2. The method of claim 1, wherein the at least 10 genes is at least 11, 12, 13, 14, 15, 16, 17, 18, 19, 20, 21, 22, 23, or 24 genes.

3. The method of claim 2, wherein the at least 10 genes consists of all 24 genes.

4. The method of claim 1, further comprising building a subject gene expression (GE) profile from the determined expression of the at least 10 genes.

5. The method of claim 4, further comprising obtaining a reference GE profile associated with a prognosis, wherein the subject GE profile and the gene reference expression profile each have values representing the expression level of the at least 10 genes.

6. The method of claim 1, further comprising calculating a MPN Score comprising the weighted sum expression of the at least 10 genes.

7. The method of claim 6, wherein classification of the subject into a high risk group is based on a high MPN24 Score in reference to the control cohort of MPN patients.

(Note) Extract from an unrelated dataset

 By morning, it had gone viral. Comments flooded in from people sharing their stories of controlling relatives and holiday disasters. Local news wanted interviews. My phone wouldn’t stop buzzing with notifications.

8. The method of claim 6, wherein classification of the subject into a high risk group or low risk group is based on whether the subject MPN24 Score is above or below, respectively, a predetermined threshold MPN24 Score of the reference cohort, preferably the mean or median MPN24Score.

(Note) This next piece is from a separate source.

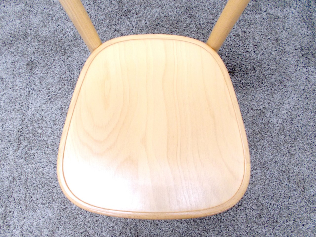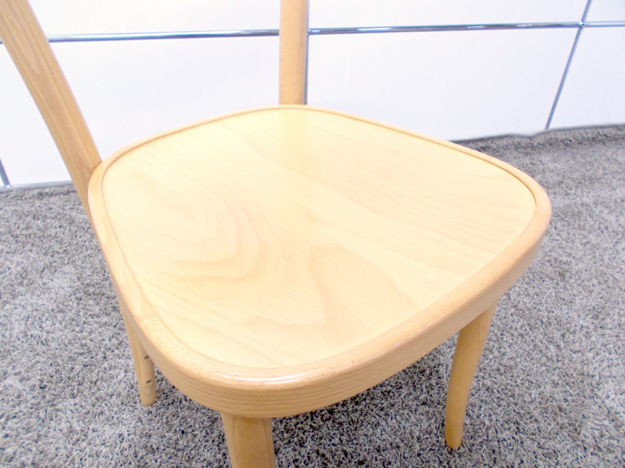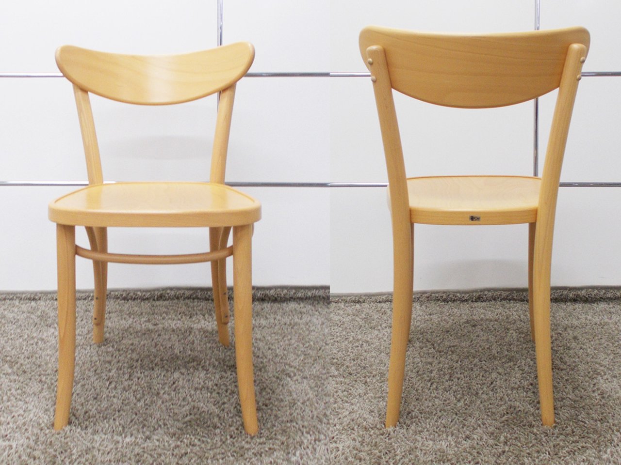 背もたれのなだらかな曲線とそこからのびる脚部に、四本の脚の間をくぐりながら座面にも接点をもつ装飾的なフレームの曲線は芸術的な粋にも達した見事さは全て高度な曲げ木技術によるもので、自然素材の木の可能性と職人の技術の高さに素材選びのこだわりを実感させられる逸品です。

9. The method of claim 1, wherein determining the GE level comprises use of RNAseq, quantitative PCR or an array.

10. The method of claim 1, wherein determining the GE level comprises use of nanostring.

11. The method of claim 1, further comprising stratifying the patients based on one or more further criteria selected from sex, DIPSS category, ECOG status, fibrosis grade. constitutional symptoms, MIPSS70 category, or PB blast percentage.

12. (canceled)

13. The method of claim 1, wherein the MPN is Myelofibrosis (MF).

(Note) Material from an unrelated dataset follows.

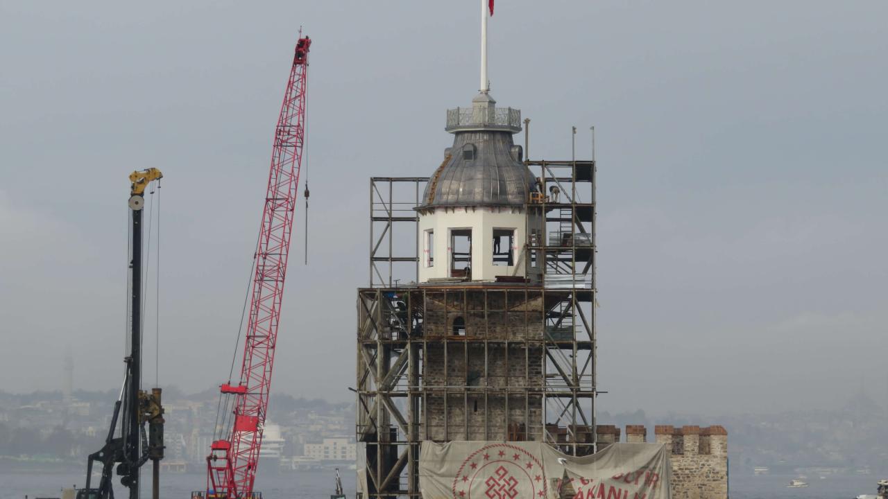 Yapılan çalışmalarla Kız Kulesi`nin üst tarafında bulunan iskelelerin sökülmesinin ardından kulenin kubbesi ortaya çıktı.

14. The method of claim 1, wherein the MPN is Polycythemia Vera (PV).

15. The method of claim 1, wherein the MPN is Essential Thrombocythemia (ET).

16. The method of claim 1, wherein the MPN is Chronic Myelogenous Leukemia (CML).

17. The method of claim 1, wherein the at least 10 genes are selected based on the most highly correlated genes based on the coefficients in FIG. 20.

18. The method of claim 1, further comprising treating the subject with more aggressive therapy if the subject has been determined to be in the high risk group for worse survival.

19. The method of claim 18, wherein the more aggressive therapy is bone marrow transplant.

20. The method of claim 18, wherein the more aggressive therapy is adjuvant therapy, intensified chemotherapy or an alternative therapy through enrollment into a clinical trial for a novel therapy.

21. A method of determining the risk of transformation of a Myeloproliferative Neoplasm (MPN) to acute myeloid leukemia, in a subject with MPN, comprising:

(a) determining the expression level of at least 5 genes in a test sample from the subject selected from the group consisting of SPP1, TPSAB1, COL4A5, CEACAM6, IGFBP2, EMP1, DLK1, IGSF10, HLA-DQB1, KNDC1, CLEC2L, CDH7, or ENKUR; and

(b) comparing expression of the at least 5 genes in the test sample with reference expression levels of the at least 5 genes from control samples from a reference cohort of patients;

wherein a difference or similarity in the expression of the at least 5 genes in the test sample and the reference expression levels is used to prognose or classify the subject with MPN into a low risk group or a high risk group for transformation to secondary acute myeloid leukemia (sAML).

22-40. (canceled)

41. A computer program product for use in conjunction with a computer having a processor and a memory connected to the processor, the computer program product comprising a computer readable storage medium having a computer mechanism encoded thereon, wherein the computer program mechanism may be loaded into the memory of the computer and cause the computer to carry out the method of claim 1.

42. A kit comprising reagents for detecting the expression of the genes defined in claim 1.

43. An array or nanostring for detecting the expression of the genes defined in claim 1.